─── RECORDS FOR THE EXERCISE ───

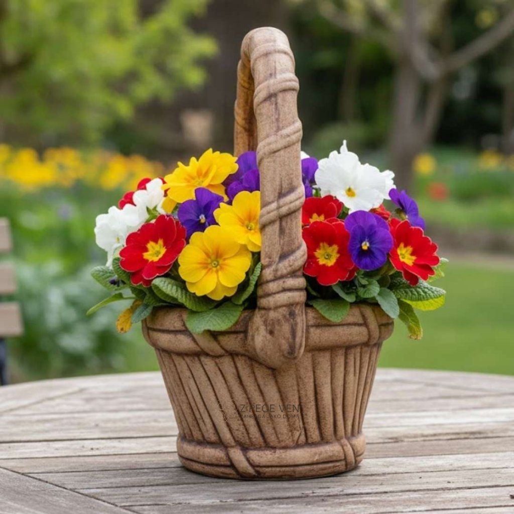 Vysokoteplotní výpal dodává košíku mimořádnou pevnost. Materiál snáší venkovní vlivy, déšť i přímé slunce, aniž by barvy ztrácely svou sytost díky ochraně proti UV záření.
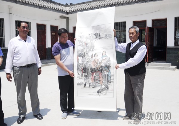 視察組一行先后深入到社棠鎮(zhèn)郭坪村,麥積鎮(zhèn)紅崖村、麥積村等地,通過實地查看、聽取匯報、座談交流等方式,全面了解了近年來麥積區(qū)脫貧攻堅工作、富民產(chǎn)業(yè)培育、基礎(chǔ)設(shè)施建設(shè)進(jìn)展情況,并為村文化室贈送書畫作品。
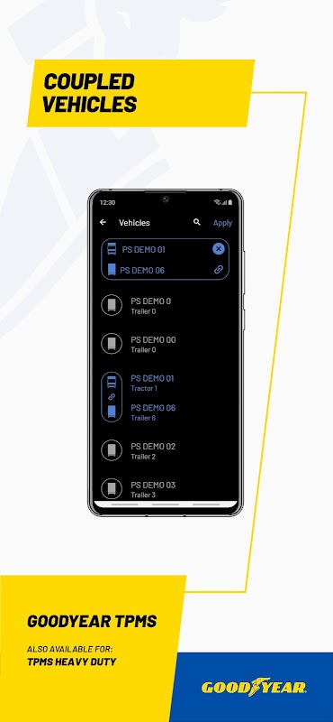 แอป Goodyear DriverHub ใช้ได้กับโซลูชันต่อไปนี้เท่านั้น: Goodyear DrivePoint, Goodyear CheckPoint, Goodyear TPMS และ Goodyear TPMS Heavy Duty โปรดทราบว่าการสมัครสมาชิกตามสัญญากับหนึ่งในโซลูชั่นเหล่านี้เป็นสิ่งจำเป็นในการเข้าถึงแอปพลิเคชันมือถือ
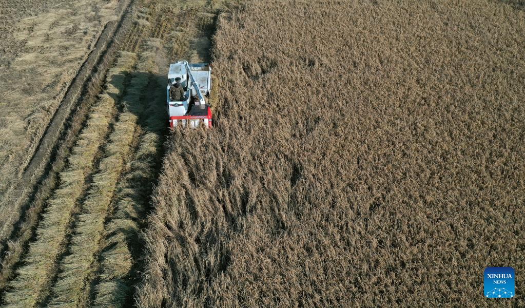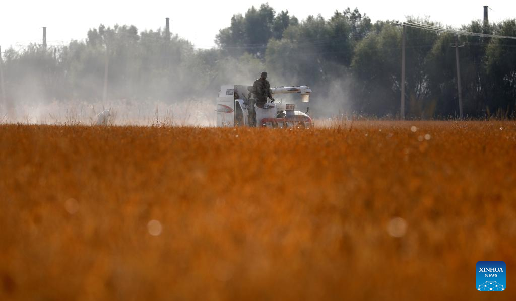 A villager riding a reaper harvests paddy rice in Shahezhan Village, Sujiatun District of Shenyang, northeast China's Liaoning Province, Oct. 19, 2022. (Xinhua/Yao Jianfeng)
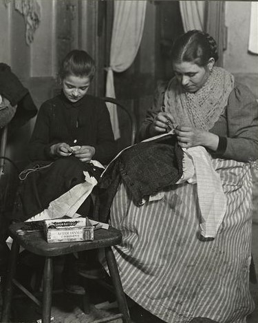 ART: From the NYPL Digital Collections: Sew With Mother: Louis Hine Photo of tenement family; Concert Diva: Jules Cheret Poster
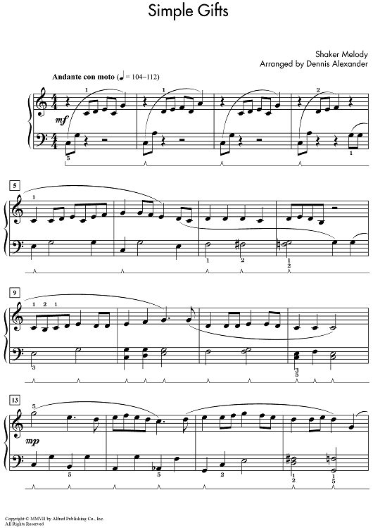 Digital Sheet Music for Simple Gifts by Shaker Melody, Dennis Alexander scored for Piano Solo; id:469128
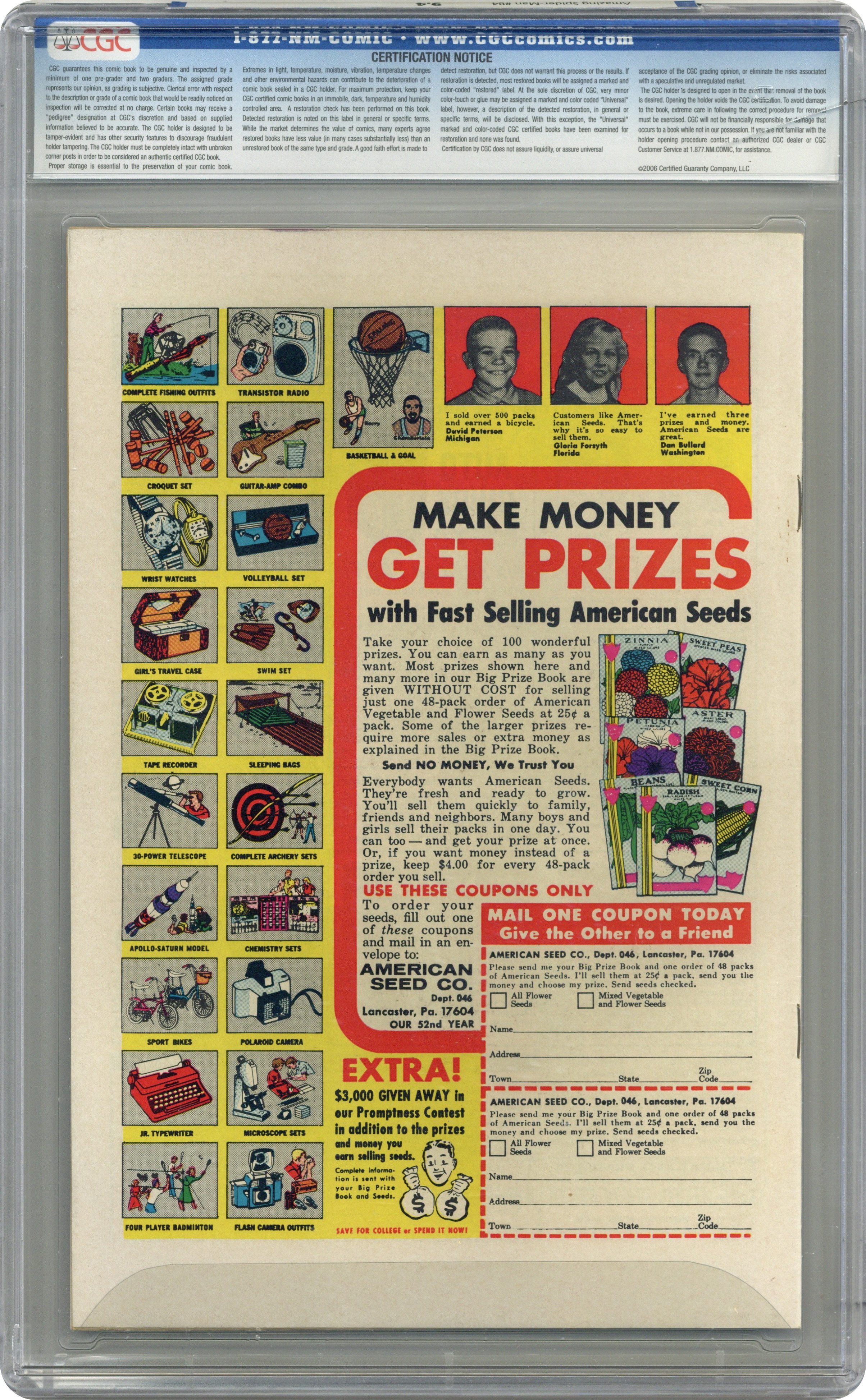 Ended May 19 2020 Winning Bid $215 "The Kingpin Strikes Back!" Part 2 of 3. Script by Stan Lee. Art by John Romita (layouts), John Buscema (pencils), and Jim Mooney (inks). Cover by John Romita. The Kingpin has grown tired of sitting on the sidelines. So he prepares to strike back against the Schemer! But the Schemer beats the big crime boss to the punch and invades Wilson Fisk's palatial manor! Once inside he confronts the Kingpin...and then he sees Vanessa Fisk -- the Kingpin's wife! The tension in the room could be cut with a knife...until the web-slinger crashes thru the window! And as shown on the brilliant cover, the wall-crawler and the Kingpin wage war in the mansion...while the Schemer deftly slips away. Both Spider-Man and the Kingpin will be left empty-handed on this night. Cameo appearances by Captain Stacy and Gwen Stacy. (Note: This story was reprinted in Marvel Tales #65.) 36 pages. Cover price $0.15. Grade: CGC 9.4 explanation of grade Condition: Used (collectible)
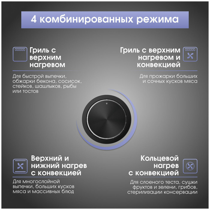 большой гриль, верхний нагрев + нижний нагрев, конвекция
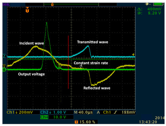 In addition, the compressive load direction is parallel to the poling direction of poled ceramics. A 92 ohm resistor (R) is connected in parallel with the ends of the silver-plated electrode for the sample, as shown in Figure 2. The electrical characteristics of poled ceramics are monitored by measuring the voltage at both ends of the resistor, as is shown in Figure 3. According to the principle of one-dimensional bar elastic wave propagating, we can move the transmitted wave to the middle of the incident wave’s starting times and the reflected wave’s starting times. The stress and discharge voltage are synchronized in time by shifting the transmitted wave, as is shown in Figure 4. The following equation can calculate the remnant polarization of porous poled ceramics in the uniaxial compression experiment:
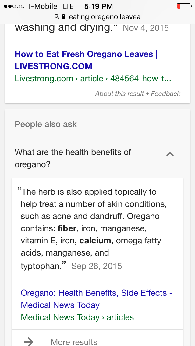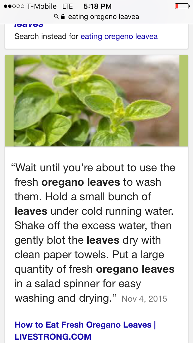 Then, grabbed a handful from my plants sitting on the counter of rosemary + oregano. I googled the benefits of eating oregano, look at the screenshots!
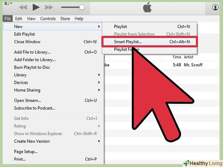 Створіть смарт-плейлист. натисніть "Файл" gt;» створити «gt;»Смарт-плейлист".- Смарт-плейлисти складаються з композицій, які підібрані, наприклад, за жанром або виконавцю. Такі плейлисти підходять для запису компакт-дисків, тому що можна вказати кількість пісень.
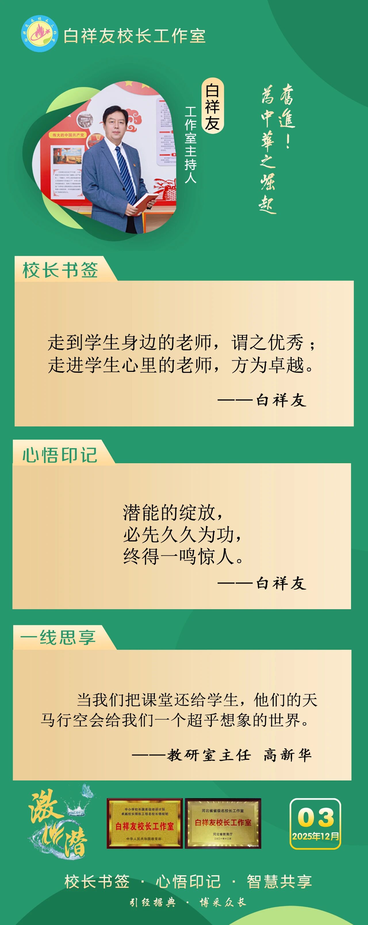“白祥友校长工作室”成立于2019年4月,是教育部“国培计划”中小学名校长领航工程、河北省首批名校长工作室,目前省内外成员校59所。工作室坚持“资源共享、智慧共融、互助共赢”理念,已成为思想碰撞的交流场,资源共享的品牌站,成果展示的辐射源。
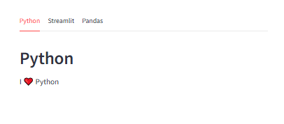 tab1, tab2, tab3 = st.tabs(["Python", "Streamlit", "Pandas"])
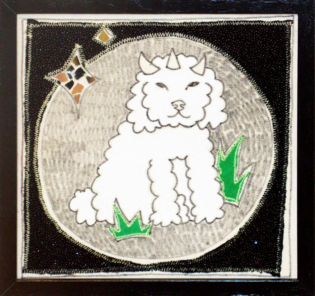 Applique textile, laine, peinture, strass.
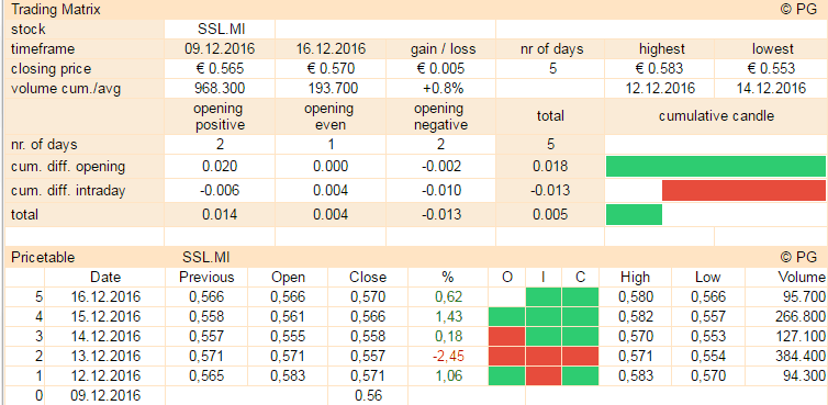 Der Kurstabelle zeigt für diese woche ein was heterogener Bild. In den letzten drei Tage gingees tagsüber hoch statt runter. Sehe grüne felder unter I. OIC=OPEN/INTRDAY/CLOSE

───

** EXERCISE BRIEF **
Look above for the line with "A villager riding" and the line with "большой гриль, верхний", then copy exactly the lines from the first through the second, both kept, with no pictures.

** TASK SOLUTION **
 A villager riding a reaper harvests paddy rice in Shahezhan Village, Sujiatun District of Shenyang, northeast China's Liaoning Province, Oct. 19, 2022. (Xinhua/Yao Jianfeng)
 ART: From the NYPL Digital Collections: Sew With Mother: Louis Hine Photo of tenement family; Concert Diva: Jules Cheret Poster
 Digital Sheet Music for Simple Gifts by Shaker Melody, Dennis Alexander scored for Piano Solo; id:469128
 Ended May 19 2020 Winning Bid $215 "The Kingpin Strikes Back!" Part 2 of 3. Script by Stan Lee. Art by John Romita (layouts), John Buscema (pencils), and Jim Mooney (inks). Cover by John Romita. The Kingpin has grown tired of sitting on the sidelines. So he prepares to strike back against the Schemer! But the Schemer beats the big crime boss to the punch and invades Wilson Fisk's palatial manor! Once inside he confronts the Kingpin...and then he sees Vanessa Fisk -- the Kingpin's wife! The tension in the room could be cut with a knife...until the web-slinger crashes thru the window! And as shown on the brilliant cover, the wall-crawler and the Kingpin wage war in the mansion...while the Schemer deftly slips away. Both Spider-Man and the Kingpin will be left empty-handed on this night. Cameo appearances by Captain Stacy and Gwen Stacy. (Note: This story was reprinted in Marvel Tales #65.) 36 pages. Cover price $0.15. Grade: CGC 9.4 explanation of grade Condition: Used (collectible)
 большой гриль, верхний нагрев + нижний нагрев, конвекция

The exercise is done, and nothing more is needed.